(Collected data Opens)

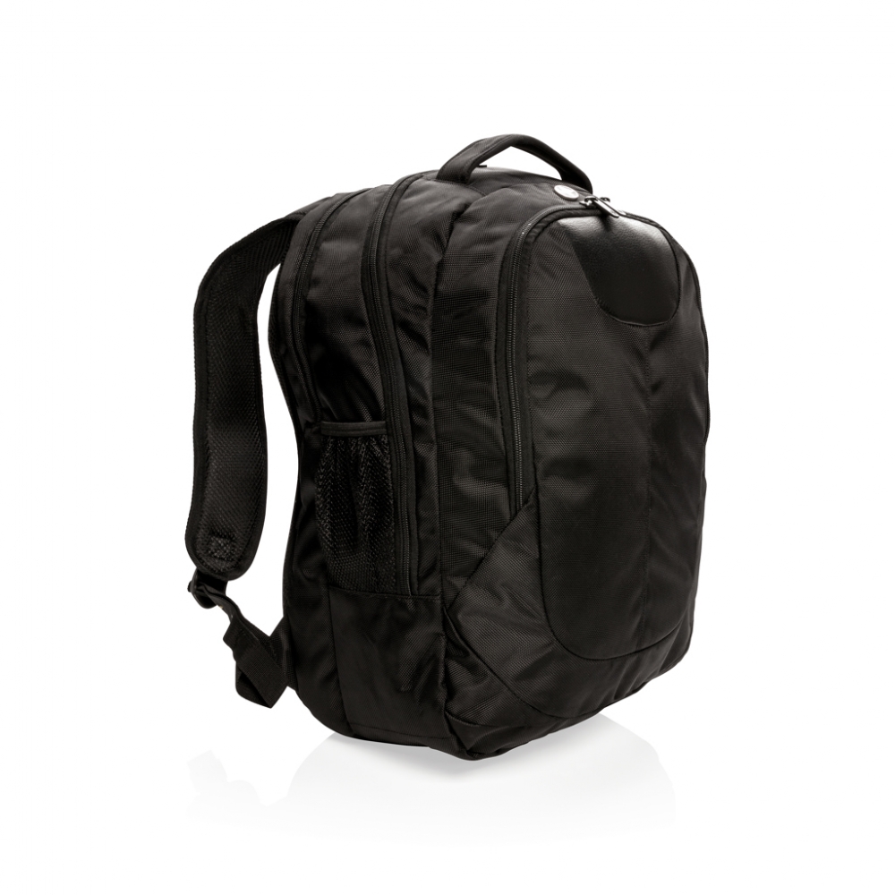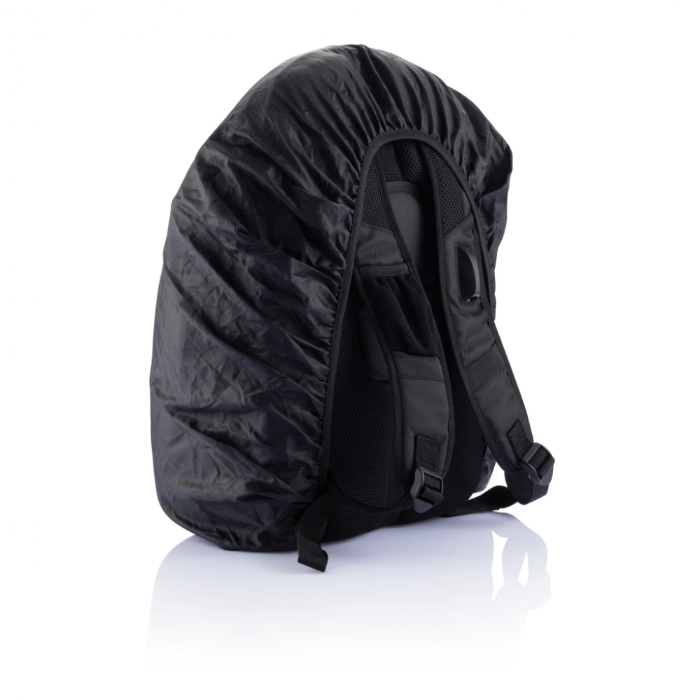1680D Polyester Laptop-Rucksack mit einzigartiger Balance zwischen Tragekomfort und Outdoorschutz. Der Rucksack beinhaltet alle erdenklichen Details - vom gepolsterten Laptopfach und iPad Halter, bis hin zum Stiftehalter und diversen Netztaschen. Am Trageriemen befindet sich ein Audio-Stecker, um Ihre Kopfhörer zu verbinden und ein Sonnenbrillenetui. Als Extra ist sogar ein Regenschutz vorhanden. Geschütztes Design®
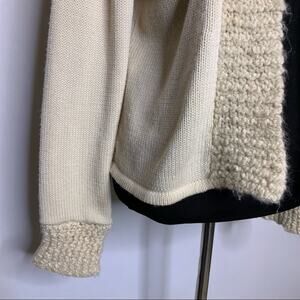 Magaschoni cream wool blend open front cardigan camel hair trim size Medium
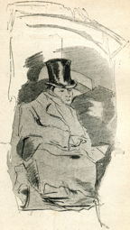 ![]() Edmond de Goncourt dans une gondole, à Venise, dessiné par Jules de Goncourt. E. et J. de Goncourt, L'Italie
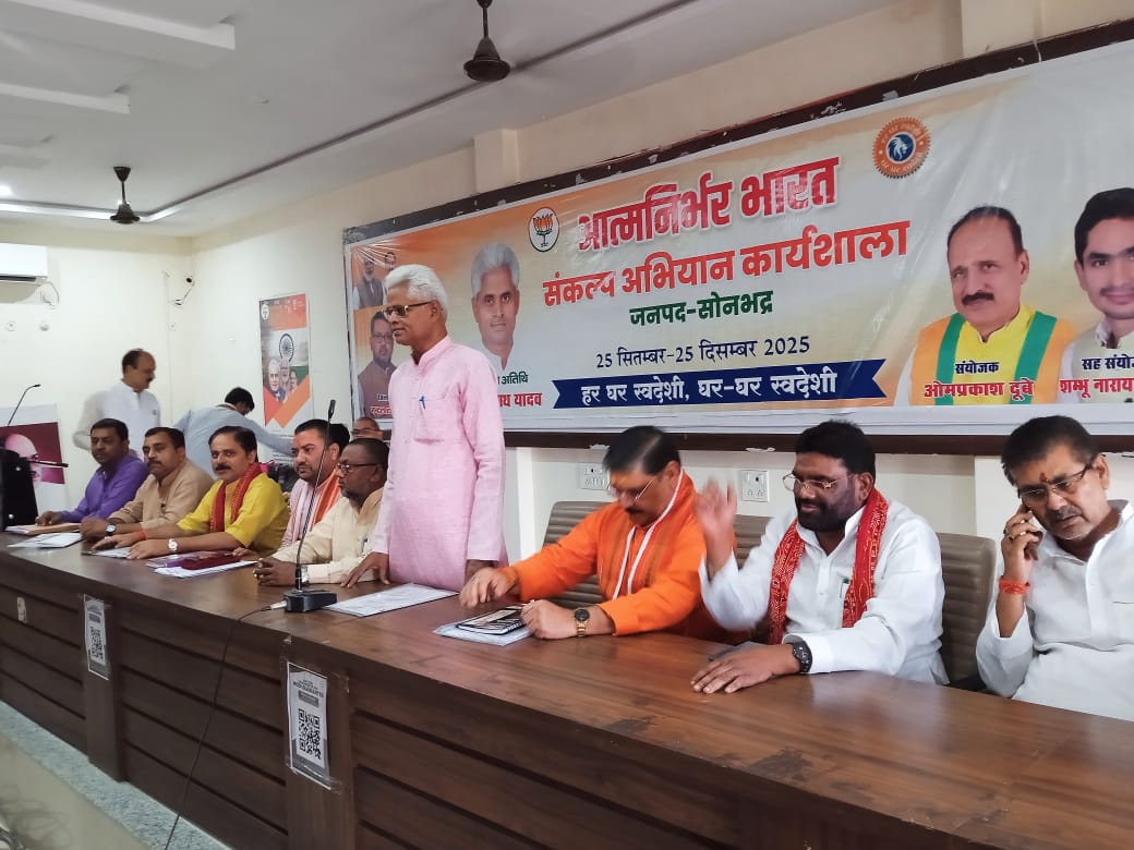 सोनभद्र। भारतीय जनता पार्टी द्वारा आत्मनिर्भर भारत संकल्प अभियान एवं शिक्षक/स्नातक एमएलसी चुनाव को लेकर जिला कार्यालय पर संयुक्त कार्यशाला का आयोजन किया गया। कार्यक्रम के मुख्य अतिथि भाजपा काशी क्षेत्र के क्षेत्रीय उपाध्यक्ष अमरनाथ यादव एवं पूर्व विधायक व एमएलसी चुनाव संयोजक सुरेंद्र सिंह रहे।

(Collected data Closes)

▶ **Try it**
What is needed is an exact copy of only the lines above from the one with "Magaschoni cream wool" to the one with "de Goncourt, L'Italie", both kept, with every picture left out.

▶ **Answer section**
 Magaschoni cream wool blend open front cardigan camel hair trim size Medium
 ![]() Edmond de Goncourt dans une gondole, à Venise, dessiné par Jules de Goncourt. E. et J. de Goncourt, L'Italie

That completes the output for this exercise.